I ran a correction, and it came out with a noticeable channel imbalance (e.g. non-centered vocal in Bird on a Wire). I suggest adding an SPL alignment feature the way OCA uses it (adjust to average between 500 to 2000 Hz. I used 1/24 octave smoothing.)
 
I ran a correction, and it came out with a noticeable channel imbalance (e.g. non-centered vocal in Bird on a Wire). I suggest adding an SPL alignment feature the way OCA uses it (adjust to average between 500 to 2000 Hz. I used 1/24 octave smoothing.)
Hi Daverz, thanks for the feedback.
In v2.8.7 ( https://github.com/VilhoValittu/CamillaFIR/releases/ ) ,CamillaFIR basically assumes that the left/right channel balance in the system is already in good shape. The idea is not to fix hardware or upstream gain issues, but to work from measurements that are already properly balanced.
If a channel imbalance becomes noticeable after correction (for example, vocals no longer sitting in the center), it usually means there was a level difference in the original measurements. In those cases, turning on stereo_link should take care of it by keeping a shared reference between the channels and avoiding relative level offsets during the correction process.
The SPL alignment idea itself makes sense, and it’s something that could be looked at later as an optional feature. For now, CamillaFIR is trying to stay transparent and predictable rather than applying automatic channel-level adjustments.
 
What is your typical workflow regarding measurements? I typically take a few shots around the listening area and perform a scalar average, though this doesn’t preserve timing information. Would a time aligned vector average suffice, or is this designed for individual measurements only?
 
What is your typical workflow regarding measurements? I typically take a few shots around the listening area and perform a scalar average, though this doesn’t preserve timing information. Would a time aligned vector average suffice, or is this designed for individual measurements only?
I personally measure only at the MLP (main listening position), but I take several measurements there. Then I remove the worst one and also the “best” one if it clearly stands out from the rest.
After that, I create a time-aligned vector average from the remaining measurements.
I don’t use scalar averaging because it loses timing information. If averaging is needed, a time-aligned vector average is much better.
In general, CamillaFIR tries to create the best possible filter based on the data it is given. The best measurement method is ultimately the one that gives you the most consistent and convincing results in your own system.
 
I personally measure only at the MLP (main listening position), but I take several measurements there. Then I remove the worst one and also the “best” one if it clearly stands out from the rest.
After that, I create a time-aligned vector average from the remaining measurements.
I don’t use scalar averaging because it loses timing information. If averaging is needed, a time-aligned vector average is much better.
In general, CamillaFIR tries to create the best possible filter based on the data it is given. The best measurement method is ultimately the one that gives you the most consistent and convincing results in your own system.
Thanks!
 
CamillaFIR 3.4.2 – Automatic Mode Refinement Update

This update focuses entirely on improving the behavior and stability of Automatic Mode.
No UI changes, no cosmetic additions — just search logic and decision model refinements.
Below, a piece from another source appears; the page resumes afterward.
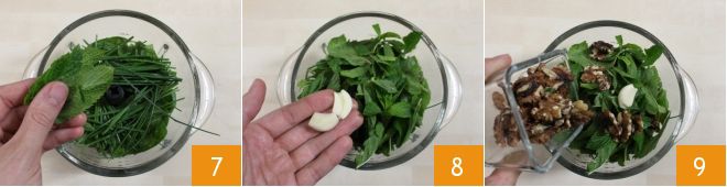 las hojitas de menta 7, el diente de ajo 8 (que podéis omitir si no os gusta), las nueces peladas 9

The goal was simple: reduce “lucky” outliers and make the optimization more robust and repeatable.

---

### 1. Two-Phase Optimization with Plateau Detection

Automatic Mode now runs in two stages:

• Phase 1: broad parameter exploration
• Phase 2: refinement around the best-performing presets

If no improvement is detected for a defined number of rounds, the search automatically advances (or stops), instead of blindly consuming trials.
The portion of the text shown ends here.